*How to complete this task*:
From the line that contains "Batoh inspirovaný maloobchodem" to the final line of the records below, print each line exactly and leave every picture out.

Data entries
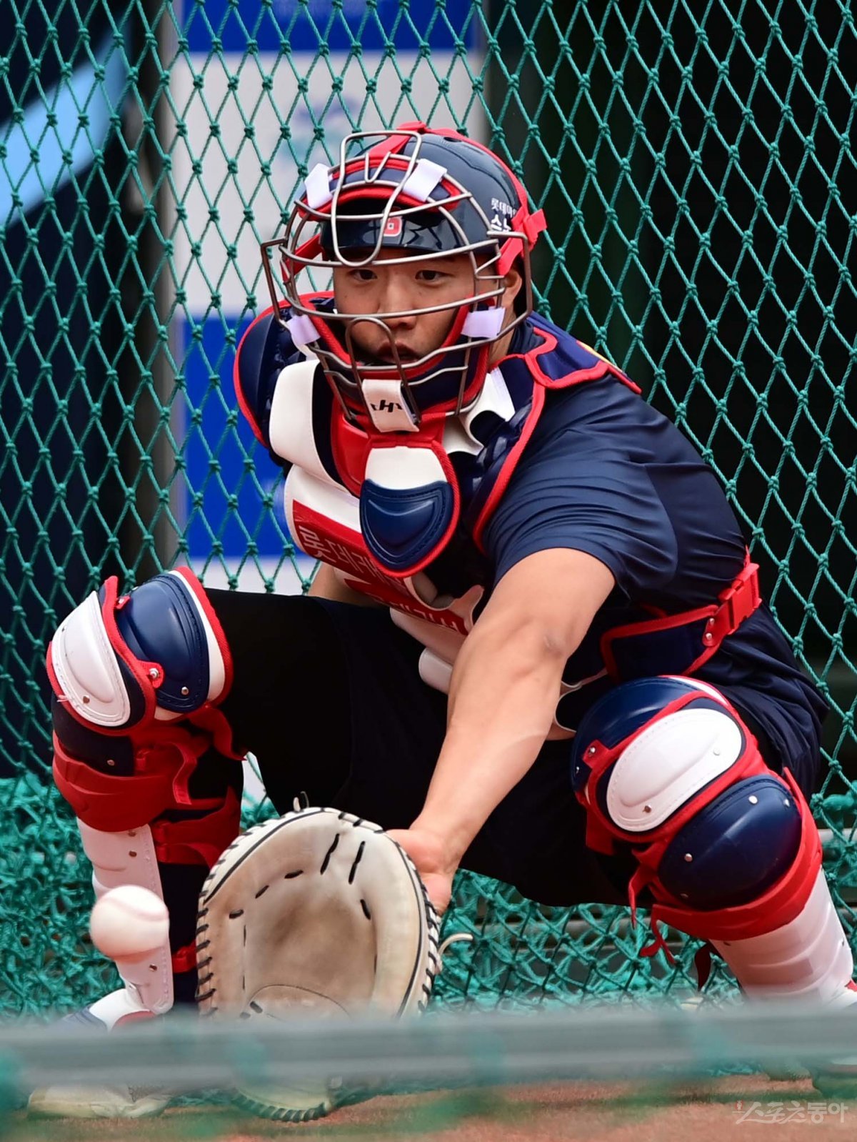 13일 부산 사직야구장에서 열린 ‘2023 신한은행 SOL KBO리그’ 롯데 자이언츠와 한화 이글스의 경기에 앞서 롯데 손성빈이 포수 훈련을 하고 있다.
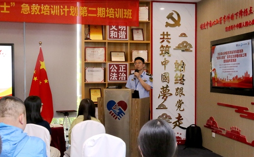 園區(qū)外賣行業(yè)黨委書記江銀弟作開場致辭。他指出,在園區(qū)組織部、兩新工委、市場監(jiān)管局黨委的指導下,外賣行業(yè)黨委聯(lián)合心血管健康研究院聯(lián)合黨支部于2023年推出“星騎士”急救培訓項目,計劃通過3年時間培訓至少60名外賣騎手,希望到場的騎手朋友在為生計奔波的同時,也能不斷學習,積極回饋社會。蘇州工業(yè)園區(qū)東方華夏心血管健康研究院聯(lián)合黨支部書記嚴婷表示,希望通過組織聯(lián)建、隊伍聯(lián)抓、活動聯(lián)辦、發(fā)展聯(lián)促的形式,形成助推新就業(yè)群體健康發(fā)展的有效合力,有效助力健康“心”園區(qū)的建設。
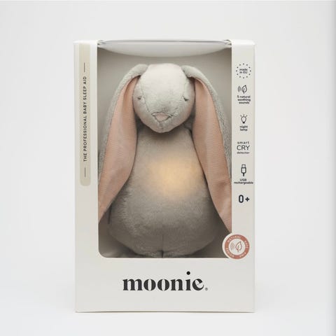 Denne søte kosebamsen er ikke som alle andre bamser – Den har nemlig lys og lyd! Moonie 2.0 er en søt kaninbamse med innebygd nattlampe og beroligende lyder, designet for å hjelpe babyer og små barn med å sovne raskere og sove bedre. Denne myke og koselige bamsen kombinerer naturlige lyder og beroligende lys for å skape en trygg og avslappende atmosfære for babyen
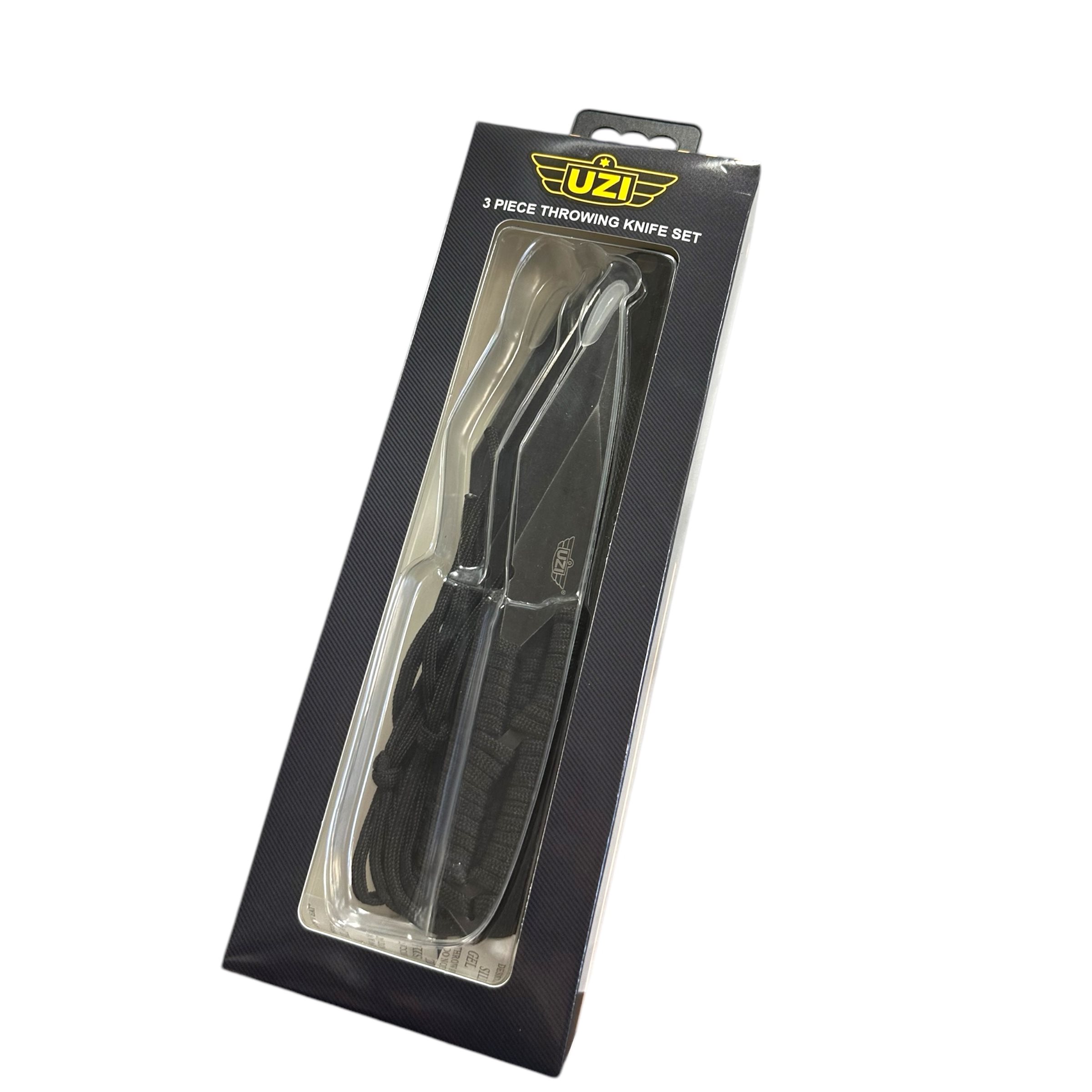 Set di tre coltelli da lancio full-tang riposti in una pratica custodia in nylon per un facile trasporto. I coltelli con lama liscia sono realizzati in acciaio inossidabile con finitura stonewash. I manici sono perforati per alleggerirli e avvolti con cordino paracord, che consente una presa salda e sicura in qualsiasi situazione. I coltelli sono dotati di un foro con cordino di sicurezza.
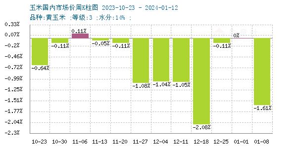 据生意社商品行情分析系统,本周国内玉米价格持续弱势下行,周初3等黄玉米均价为2480.00元/吨,周末均价为2440.00元/吨,周内下跌1.61%。
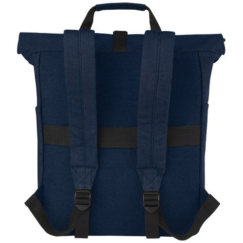 Batoh inspirovaný maloobchodem je vyroben z vysoce odolných a udržitelných materiálů, recyklovaného plátna GRS a podšívky GRS RPET. Může se pochlubit speciálním pouzdrem na tablet spolu s polstrovanou přihrádkou na 15" notebook. Batoh má také 2 boční kapsy na vodu a jednu velkou přední kapsu na zip a také rolovací otvor na zip pro maximální skladování a bezpečnost. Díky 2 vyztuženým popruhovým držadlům se snadno a pohodlně přenáší jako firemní taška. Díky dekorativní kovové desce vynikne logo s jemným a matným povrchem.
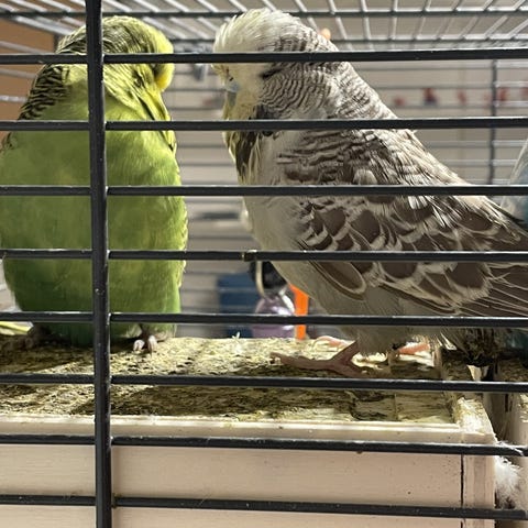 To engelske Undulater til salg med stort bur og diverse. Hannen synger flot ,og er meget stor af en Undulater at være.250 kr. 52250781.

*Finished task*:
 Batoh inspirovaný maloobchodem je vyroben z vysoce odolných a udržitelných materiálů, recyklovaného plátna GRS a podšívky GRS RPET. Může se pochlubit speciálním pouzdrem na tablet spolu s polstrovanou přihrádkou na 15" notebook. Batoh má také 2 boční kapsy na vodu a jednu velkou přední kapsu na zip a také rolovací otvor na zip pro maximální skladování a bezpečnost. Díky 2 vyztuženým popruhovým držadlům se snadno a pohodlně přenáší jako firemní taška. Díky dekorativní kovové desce vynikne logo s jemným a matným povrchem.
 To engelske Undulater til salg med stort bur og diverse. Hannen synger flot ,og er meget stor af en Undulater at være.250 kr. 52250781.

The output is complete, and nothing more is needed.